Showing posts with label Halle. Show all posts
Showing posts with label Halle. Show all posts

Saturday, May 28, 2016

Handel House

One of my favorite things in the whole world is Handel's Oratorio Messiah.  I have sung in the Ripon Oratorio Society's presentation of it every year for at least the last quarter of a century, and my formerly soft-cover score has been hard bound and had my name embossed on the front (a Christmas gift from my husband who knows how much I love it!).  So of course I wouldn't miss out on a chance to visit Handel's birthplace!  The images above are of a score of Messiah open to the Hallelujah Chorus written by Handel himself. This manuscript resides in the treasure room of "Handel House," which is now a museum.

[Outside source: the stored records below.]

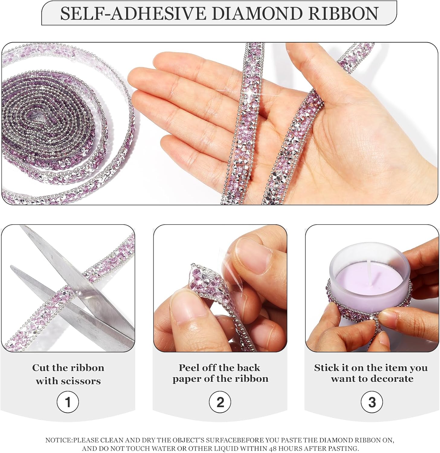 • Self-Adhesive Diamond Ribbon: The self-adhesive design with backing glue makes it possible to stick anywhere as long as the surface is smooth and clean. You cut the rhinestone ribbon into different lengths with scissors, then peel off the back paper of the sticker and paste it on the project you want to decorate.
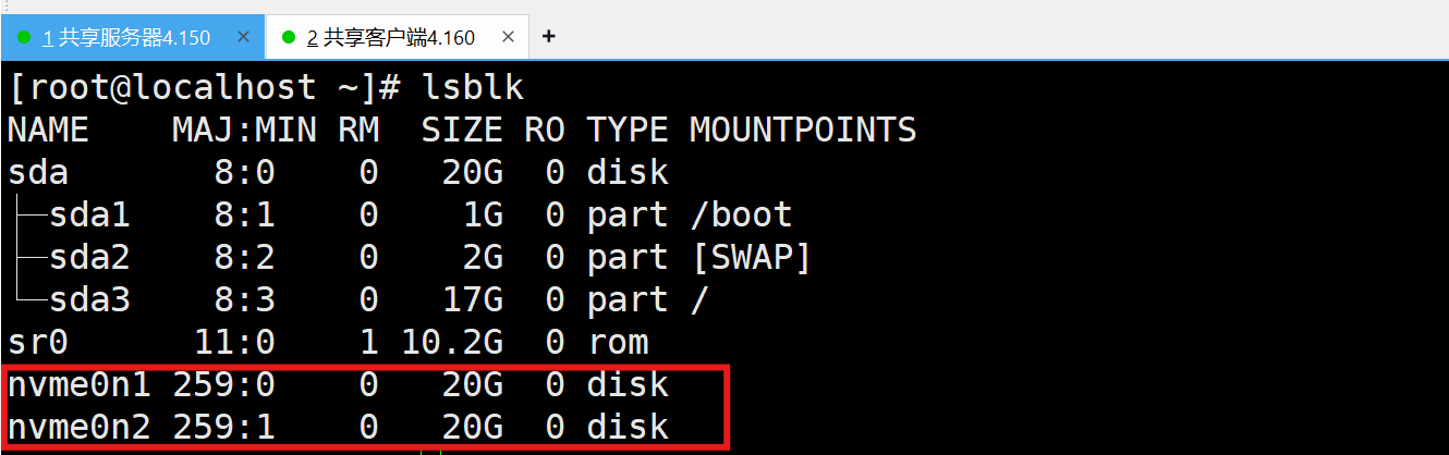 准备两台虚拟机,一台做服务器(4.150),一台做客户端(4.160)
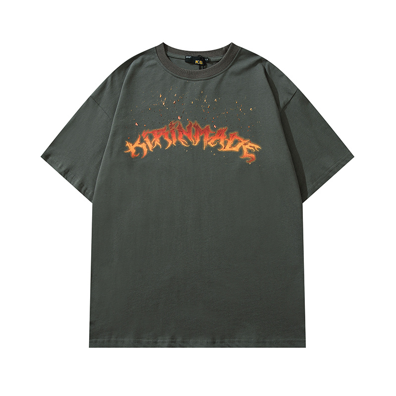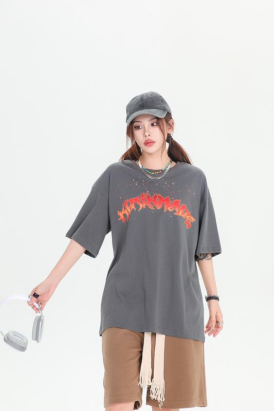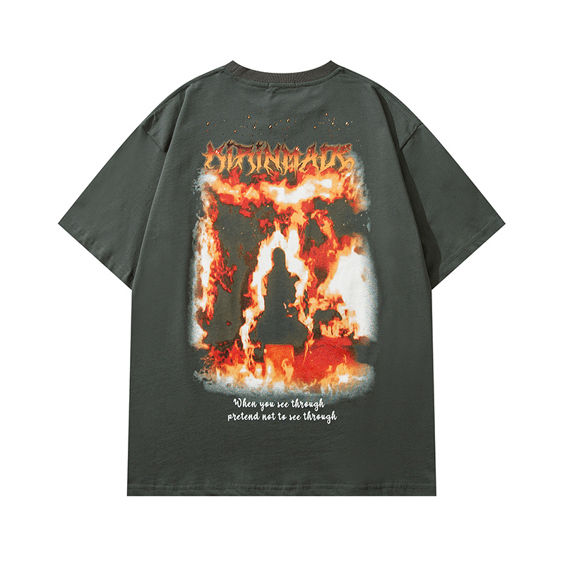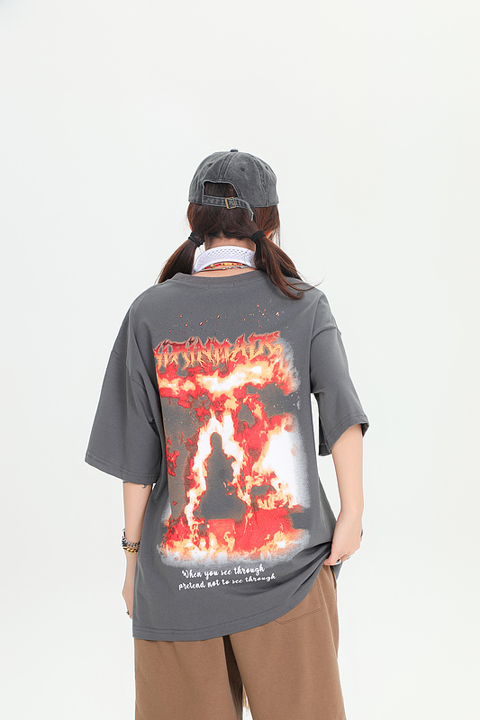 Свободная серого цвета футболка KIRIN STRANGE с "огненным" принтом
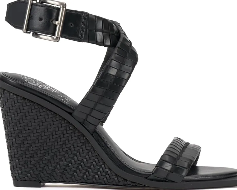 - Move into artisanal elegance with Vince Camuto® Elynna, where sleek style meets comfort. The wrapped and stitch straps exude craftsmanship, leading to a single forefoot band and a crisscross ankle wrap with a secure buckle closure. The wood or woven wrapped wedge complements any outfit, making it perfect for summer suits or floaty frocks. Crafted with a synthetic insole for added comfort, Elynna ensures you stride with confidence and style.
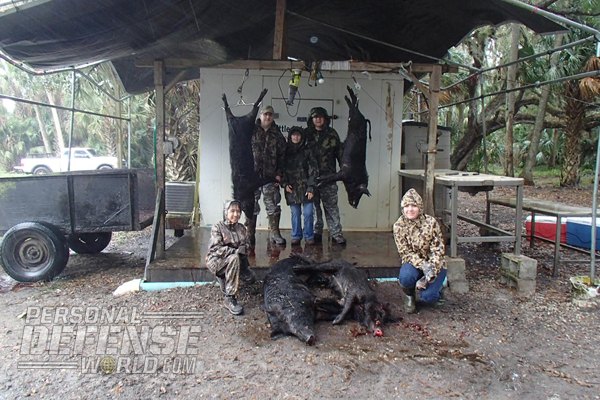 After about an hour, the dogs signaled they had found the first boar. We decided that my cousin would take it. She took a shot from the platform with her rifle and wounded the boar. She and my uncle then got off the vehicle to get a better shot as the boar moved away. My cousin killed the boar with her second shot. A short time later, at close range and with a .45/.410 Taurus pistol, my father and uncle each shot boars from a group that had run into a palmetto grove.
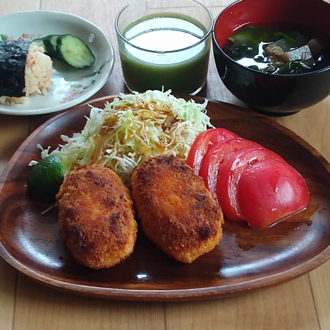 こちらのキャベツにはごま醤油ドレッシングをかけました。まったりしたカニクリームコロッケなのでさっぱりめのごま醤油が合います。

The house is quite large and encompasses not only the building you see on the corner below but also the one with the steep roof next to it.  This is the house in which Handel was born and is where he spent the first 18 years of his life.
Though I adore Messiah to the point of near obsession, I didn't think I'd necessarily spend a whole lot of time in this museum dedicated to its composer - was figuring half an hour to forty-five minutes.  I'm not sure how long I spent here, but it was quite a bit longer than that.  The museum is so large and well presented, and the descriptions of the displays were so interesting; I think I read every single thing that was posted.  The room shown below shows a map of the city streets and also buildings that were significant in Handel's life - such as his home, the Market Church, the cathedral, and so on.
Many descriptions and quotations were painted right on the walls.  I don't know that I'd seen that done before, but it worked well.  Some of the larger signs were words of his friends or admirers.  I especially like the one from Beethoven (two pictures down).
Another wall painting was this map of where Handel had lived.  I had no idea he'd lived so many places!  Next to this on the wall was a timeline of his life and when it was he had been in each place, for what reasons he had moved, etc.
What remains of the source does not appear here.